On Sat, Dec 5, 2009 at 5:33 AM, Duncan Sands
<duncan.sands at math.u-psud.fr> wrote:
>>> Would there be any interest/opposition to extending the set of simple
>>> integer types in MVT to include the missing multiples of 8 (up to 64
>>> bits)? That is: i24, i40, i48, i56?
>
> By the way, the integer type legalization logic should probably go like
> this: let T be an integer type.
>
> (1) If T is legal, do nothing.
> (2) If there is a legal integer type which is bigger (in bitwidth) than T,
> then promote T to the smallest legal type which is bigger than T.

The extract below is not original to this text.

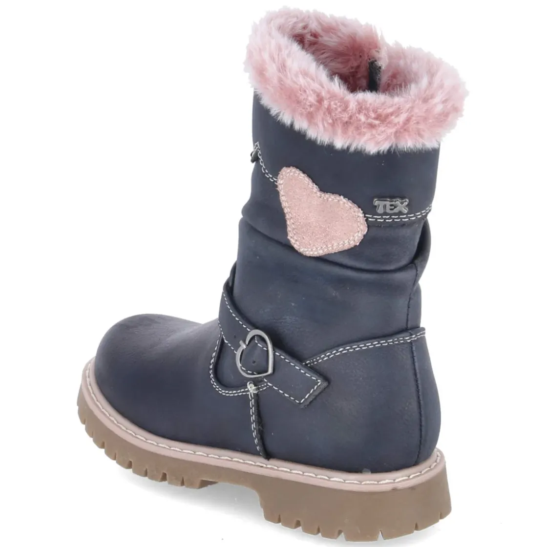 Der Kinderstiefel von Indigo in Dunkelblau verbindet Funktion und verspielte Details. Das Obermaterial aus Textil und Synthetik trotzt nassem Wetter, zugleich bleibt der Schuh atmungsaktiv – ideal für kühle Tage mit leichtem Futter. Der runde Leisten bietet Zehenfreiheit, das gepolsterte Fußbett erhöht den Tragekomfort im Alltag. Ein seitlicher Reißverschluss erleichtert das An- und Ausziehen, während der stabile 2,5‑cm‑Blockabsatz sicheren Stand gibt. Herzpatch in Rosa, eine passende Fellkrempe am Einstieg und ein zierender Knöchelriemen mit Herzschnalle setzen charmante Akzente. Die flexible, rutschhemmende Profilsohle sorgt für Halt auf verschiedenen Untergründen. Fällt normal aus und eignet sich für Kita, Spielplatz und Schulweg. Modetipp: Zu Jeans, Ringelshirt und Parka kombinieren, dazu farblich abgestimmte Mütze in Rosa für einen harmonischen Look.

> (3) In the remaining case, T is necessarily bigger than the largest legal
> integer type (call this type L).  Take the smallest positive N such that
>  (bitwidth of T) <= (bitwidth of L) * 2^N
> If you have equality in the equation, i.e. if the bitwidth of T is a power
> of two multiple of the bitwidth of L, then expand T into two equal integer
> types of half the size.  Otherwise promote T to the type with bitwidth equal
> to the right-hand-side of the equation, i.e. (bitwidth of L) * 2^N.
>
> If all legal integer types have a power of two size, then this coincides
> with what we have today.  If some legal types do not have a power of 2
> size then finding the type to promote to in (2) requires more computation
> than in the power-of-two case.  For (3), you need to know the largest legal
> type L, which currently isn't exposed in a convenient way for this.  For
> simple integer types everything can of course be pre-calculated in tables,
> like now.  For extended integer types it would be good to have an efficient
> algorithm for calculating this on the fly.  At worst, values can be cached.

This makes the most sense to me as well.  I have used some embedded
chips (long time ago, but still...) that had a 7-bit wide bus and
register setup, certainly not a power of 2, not even even.